The EPO Continues to Lie About Patent Quality Whilst Openly Promoting Software Patents, Even Outside Europe

Posted in Europe, Patents at 1:23 pm by Dr. Roy Schestowitz

Gazette’s latest

EPO quality lies

Summary: EPO patent quality continues to sink while EPO management lies about it (the article above is new and not satirical) and software patents are openly being promoted/advocated

THERE’S NO room for humour when the EPO moves further to the right (patent extremists) while the USPTO, conversely, moves to the left. The EPO has become a rather radical organisation which not only treats workers in Medieval ways/standards but also grants monopolies similarly. It is almost as though a feudal system has reasserted control.

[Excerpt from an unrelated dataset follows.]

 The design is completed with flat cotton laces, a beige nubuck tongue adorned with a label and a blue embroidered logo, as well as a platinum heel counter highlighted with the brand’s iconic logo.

“The EPO has become a rather radical organisation which not only treats workers in Medieval ways/standards but also grants monopolies similarly.”Compare the EPO to India and to China. The Chinese government has moved so far to the right (censoring almost everything) and lowered patent quality to the point where — like the EPO — quality of patents is no longer recognised and dissent is not tolerated. India, contrariwise perhaps, has rejected many patents. This new article (from earlier today) speaks of “confusion regarding software patents in the global IT hub,” but there’s no “confusion”; they’ve banned software patents in the country a long time ago. To quote the opening paragraph:

While the world eagerly watches the development of India’s software industry, the confusion regarding software patents in the global IT hub remains considerable. This is despite – or perhaps because of – the three attempts by the Indian Patent Office (IPO) to establish guidelines on computer-related inventions (CRIs), each of which has provoked questions, criticism and controversy. The IPO released its latest CRI examination guidelines on June 30 2017; this chapter looks into the evolution of the guidelines, from the first set to the third, as well as the effects that they have had.

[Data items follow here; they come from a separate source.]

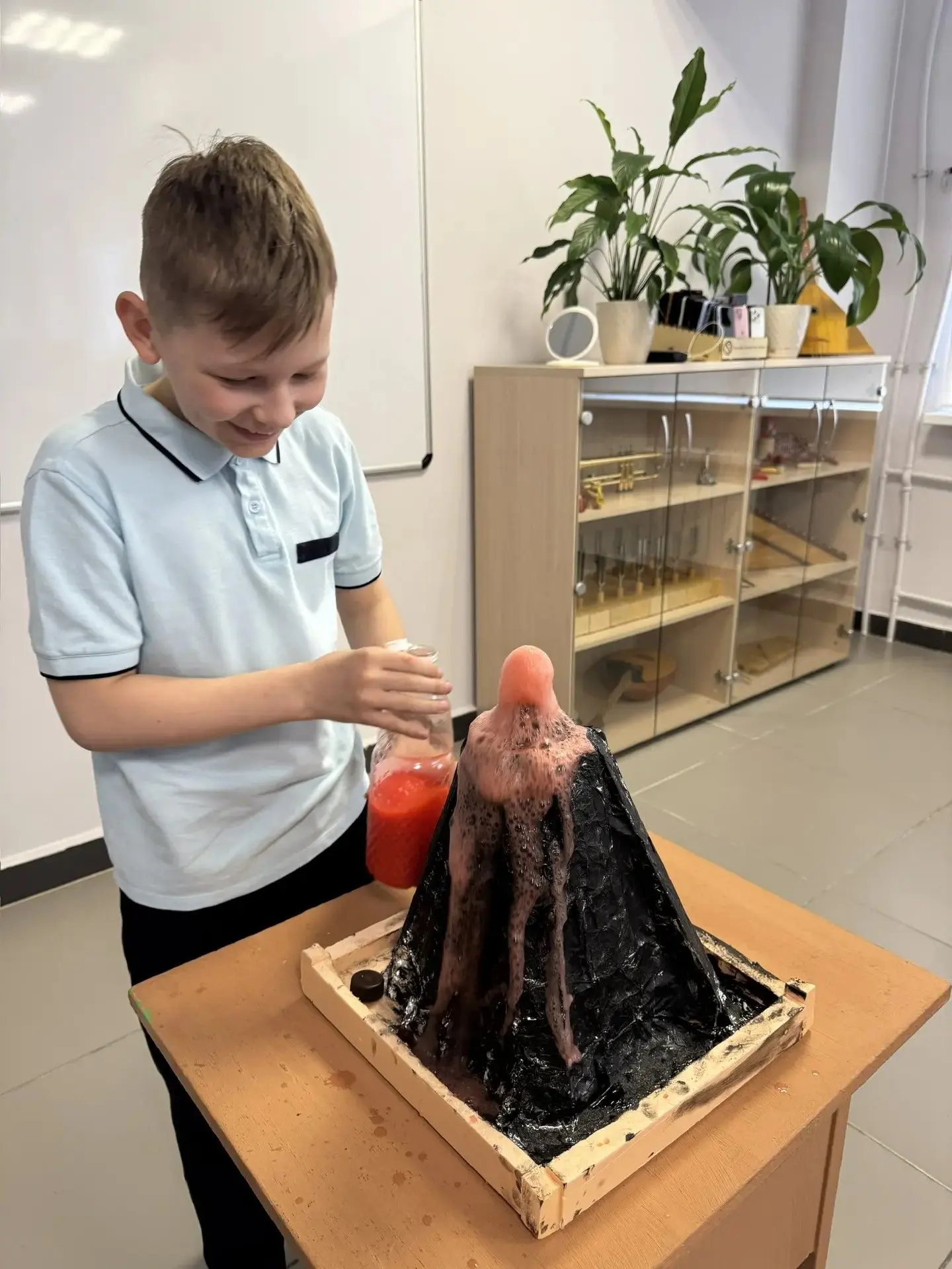 🌋 На уроке географии ученики 5 «В» класса закрепили свои знания о вулканах и подготовили действующие модели, наглядно показав, как происходит извержение. Урок получился очень зрелищным и точно запомнился ребятам.
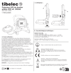tibelec 3. Utilisation : Projecteur LED de chantier pliable 30W réf. 348360 VIM: 26587_22W04 1. Votre produit : Vis de serrage pour l'orientation du projecteur Pied rotatif 4. Caractéristiques techniques : 2. Avant utilisation : • Cet appareil n'est pas prévu pour être utilisé par des personnes (y compris les enfants) dont les capacités physiques, sensorielles ou mentales sont réduites, ou des personnes dénuées d'expérience ou de connaissance, sauf si elles ont pu bénéficier, par l'intermédiaire d'une personne responsable de leur sécurité, d'une surveillance ou d'instructions préalables concernant l'utilisation de l'appareil. Il convient de surveiller les enfants pour s'assurer qu'ils ne jouent pas avec l'appareil. • Ne jamais regarder la lumière LED directement. • Ne jamais installer et utiliser le projecteur à côté de produits inflammables ou explosifs. • N'ouvrez pas et ne démontez pas le projecteur. • Ne jamais installer le projecteur dans l’eau et éviter une utilisation autour d’une piscine, fontaine ou autre source d’eau. • Ne pas couvrir le projecteur lors du fonctionnement. • Si le câble extérieur souple de ce projecteur est endommagé, il doit être remplacé exclusivement par le fabricant, son service de maintenance ou tout autre personne de qualification équivalente, cela afin d'éviter tout risque. • Ne pas essayer de réparer le projecteur vous-même. Cela doit être fait par le fabricant ou une personne compétente et autorisée. Pour toute question relative à nos produits, vous pouvez nous écrire à [email protected]. Toutes les notices de nos produits sont téléchargeables depuis notre site www.tibelec.fr GARANTIE : cf la garantie constructeur fournie dans l'emballage. Ce produit contient une source lumineuse de classe d’efficacité énergétique F LED LED Led intégrée non remplaçable Modèle KCL01-30L • Tension : 220/240V~, 50Hz • 40 LED 30W, 2370 lumens, blanc 4000°K, durée +/- 25 000h. • Cordon long.1m90 H05RN-F 3G1.0mm² et fiche 2 pôles + terre • Dimensions : 180x210x270mm Importé par Tibelec - 996 rue des Hauts de Sainghin - CRT4 - 59262 Sainghin en mélantois France Classe I, matériel devant être raccordé à la terre INDICE DE PROTECTION 65 : 1er chiffre : protégé de toute infiltration de poussières 2ème chiffre : protégé des jets d'eau de toutes directions à la lance Certifié conforme aux normes européennes Attention : risque de chocs électriques ! La source de lumière de ce luminaire n'est pas remplaçable. Quand la source atteint sa fin de vie, remplacez le luminaire en entier. Ne pas jeter les appareils portant ce symbole avec les ordures ménagères. Veuillez utiliser un point de collecte adapté. FR ">
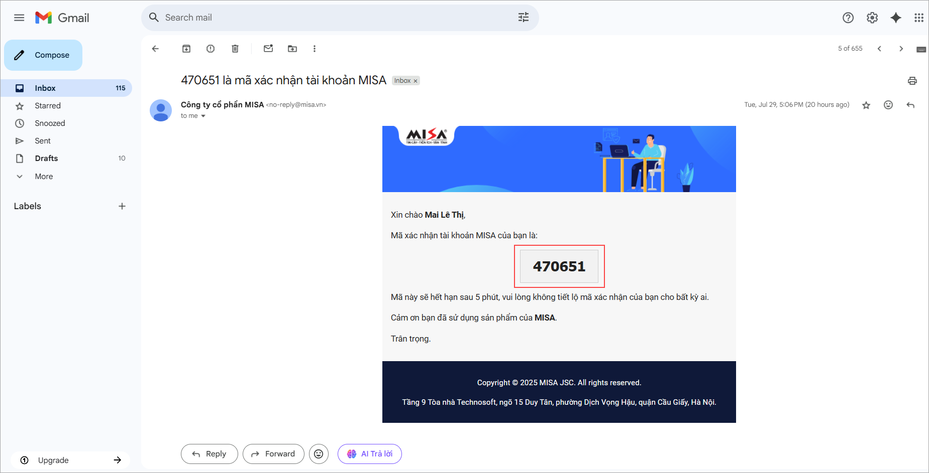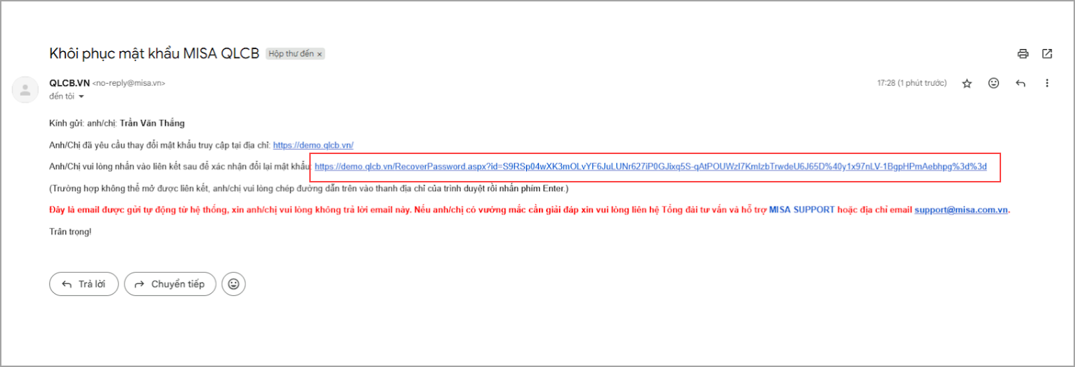 - Anh/chị kiểm tra tài khoản email đã khai báo khi tạo tài khoản để nhận hướng dẫn đặt lại mật khẩu.

These also earned India praised, but the article (sister site of IAM) says the policy “provoked questions, criticism and controversy.” From who? Patent extremists, that’s the key point. IAM attacked India’s patent policy so many times last year; this year it’s toning things down a bit (perhaps fearing criticism for such selfish lobbying).

“The Chinese government has moved so far to the right (censoring almost everything) and lowered patent quality to the point where — like the EPO — quality of patents is no longer recognised and dissent is not tolerated.”This brings us to the EPO. Where does the EPO stand on all this? It used to favour high patent quality, but nowadays all it cares about are numbers of patents (or applications, albeit only when/if that number goes up). The EPO is, in effect, outsourcing the job of patent examination to judges/juries/courts. That would cost a fortune. The EPO passes all the burden to the European public/businesses. The UPC is effectively dead (nobody even talks about it anymore, except yesterday when EPO management together with Team UPC just kept lying about alleged value and prospects of it). The EPO has just passed along this promotion of its event that says: “The 2018 UP&UPC Conference will take place on 3rd July at @EPOorg, Munich” (that’s just 3 days after Campinos arrives).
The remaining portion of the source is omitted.